It is likely that Merck's COVID 19 pill will be authorized in the U.S. this month, even though Wall Street cooled and physicians raised questions about the drug's efficacy and safety profile, particularly among people who are pregnant.
The shares of Merck Co. Inc. MRK went up by 1.6% in trading on Wednesday after an advisory panel recommended that the Food and Drug Administration approve molnupiravir in a narrow 13 -- 10 vote.
The near split vote reflects concerns over molnupiravir's modest clinical efficacy, with results in the post-interim period contrasting with the more positive interim results that led to early study stoppage, SVB Leerink analysts told investors on Wednesday. We expect these concerns to follow the therapy and limit uptake when alternative therapies become available. The company, which is developing molnupiravir with the privately held Ridgeback Biotherapeutics, is seeking authorization in adults who have tested positive for the virus and are at high risk of hospitalization and death. Within five days of symptoms, treatment is expected to begin.

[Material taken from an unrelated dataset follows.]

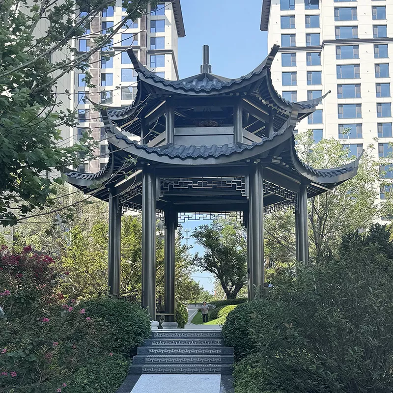 Ежелгі стильдегі реплика павильоны (5000×5000мм): 120×120мм күшейтілген тіректер, дугонг құрылымы, мөлдір ою ілулі компоненттері бар. Қосымша түрде мәдени орындар мен көрікті жерлерге жарамды түтік немесе жылтыратылған плиткаларды пайдаланады.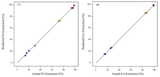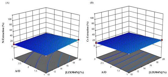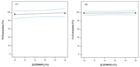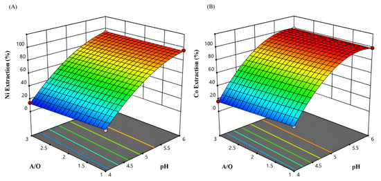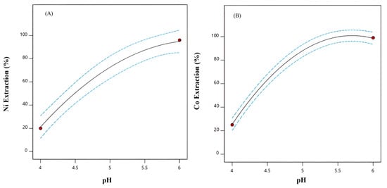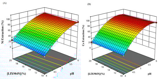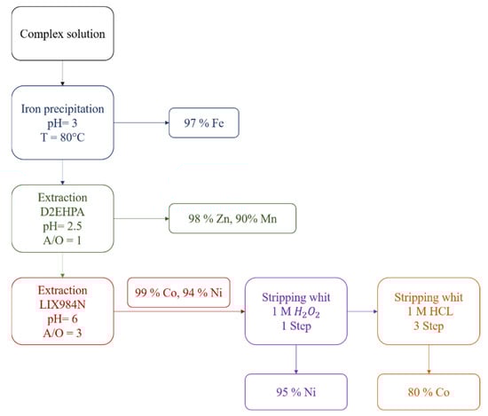 The extraction and stripping of Co, Ni, Mn, and Mg ions from raffinate solution of the Sarcheshmeh copper complex containing Cu (0.14 g/L), Ni (0.15 g/L), Co (0.06 g/L), Fe (10.72 g/L), Zn (2.4 g/L), Mn (4.83 g/L), and Mg (8 g/L) was comprehensively studied using D2EHPA and LIX 984 extractants. To design the solvent extraction experiments, the response surface method (RSM) was employed. The optimal and most efficient conditions and extraction rates of nickel and cobalt were considered for the application of a central composite design (CCD). The design of experiments (DOE) was carried out using three operating variables: the equilibrium pH of the solution (4–6), extractant concentration (10–20%), and aqueous-to-organic phase ratio (1–3). The results indicated that the highest extraction of Co and Ni occurred within 5 min at a mixing speed of 500 r/min and 40 °C. The results showed that the equilibrium pH of the aqueous solution had a greater influence on nickel and cobalt extraction than the other parameters. According to the research results, 99% of cobalt and 94% of nickel were extracted simultaneously under optimum conditions of pH = 6, [LIX984N] = 10%, and A/O = 3. In the stripping stage, 95% of nickel ions were recovered in one step using 1 M sulfuric acid, and 80% of cobalt ions were recovered in three steps using 5 M hydrochloric acid. Finally, 98% of Zn, 99% of Co, and 94% of Ni were extracted in two stages with D2EHPA and LIX984N extractants.

If authorized, it will be the first oral pill that can treat COVID - 19.
Analysts think that the FDA will restrict who can take the drug for safety reasons, possibly limiting the use of molnupiravir to people older than 60 years old, or excluding pregnant women, women of childbearing age, and male partners. Some FDA panelists suggested that women have to have a negative pregnancy test to get the pill.

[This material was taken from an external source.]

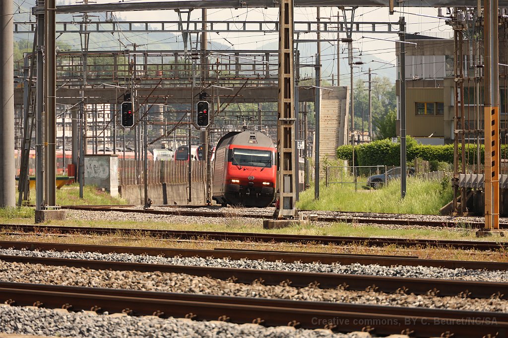 56 Re 460 avec un IC sur le plateau. On note les anciens mats de la ligne de contact.
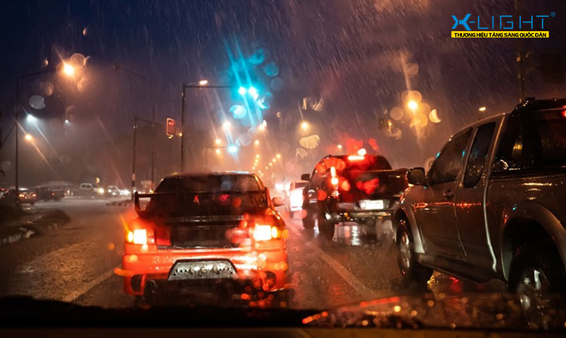 - Chỉ sử dụng đèn định vị hoặc đèn ban ngày: Trong điều kiện mưa lớn, mật độ hạt nước dày làm giảm đáng kể tầm nhìn xa. Nếu chỉ bật đèn định vị hoặc đèn ban ngày, xe sẽ không đủ sáng để các phương tiện khác nhận diện từ xa, đặc biệt trong môi trường ánh sáng yếu, từ đó làm tăng nguy cơ mất an toàn khi di chuyển.

Mizuho Securities analysts think the FDA will limit authorization to the nonpregnant adult population. Wall Street had a muted response to the panel vote and now to the drug in general.
Raymond James Steven Seedhouse described the approval as tepid and said it would be an uphill battle for full approval, given the availability of myriad neutralizing antibodies and likely Paxlovid another oral medication with seemingly lesser tox concerns soon. Merck shared interim data in October showing that molnupiravir can reduce the risk of hospitalization and death by 50%. The news exhilarated just about everyone. Markets soared, and physicians applauded the arrival of a promising new tool in the pandemic.

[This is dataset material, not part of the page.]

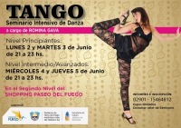 La bailarina Romina Gava brindará un Seminario Intensivo de Tango. El Lunes 2 y Martes 3 de Junio de 21:00 a 23:00 hs. para principiantes. El Miércoles 4 y Jueves 5 de Junio de 2014 de 21:00 a 23:00 hs.para niveles intermedio y avanzados. Para consultas llamar al cel. 2901-15464812

But then a couple of things happened: Pfizer shared interim data for its COVID 19 pill in November that showed Paxlovid reduced the risk of hospitalization and death by a remarkable 89%, and then Merck released full data on the day after Thanksgiving that showed the drug didn't work as well as we thought - it can reduce hospitalization and death by 30%, not 50%.
Merck's stock performance over the last two months reflects many of these ups and downs. The company's stock closed at $81.40 on October 1, the day it announced the interim data, marking the first time the stock closed higher than $81.00 since mid-January. But in November, the biggest monthly decline since dropping 15.2% in February 2009, fell 14.9%.
Merck's stock is down 3.9% this year, while the S&P 500 SPX is up 21.6%.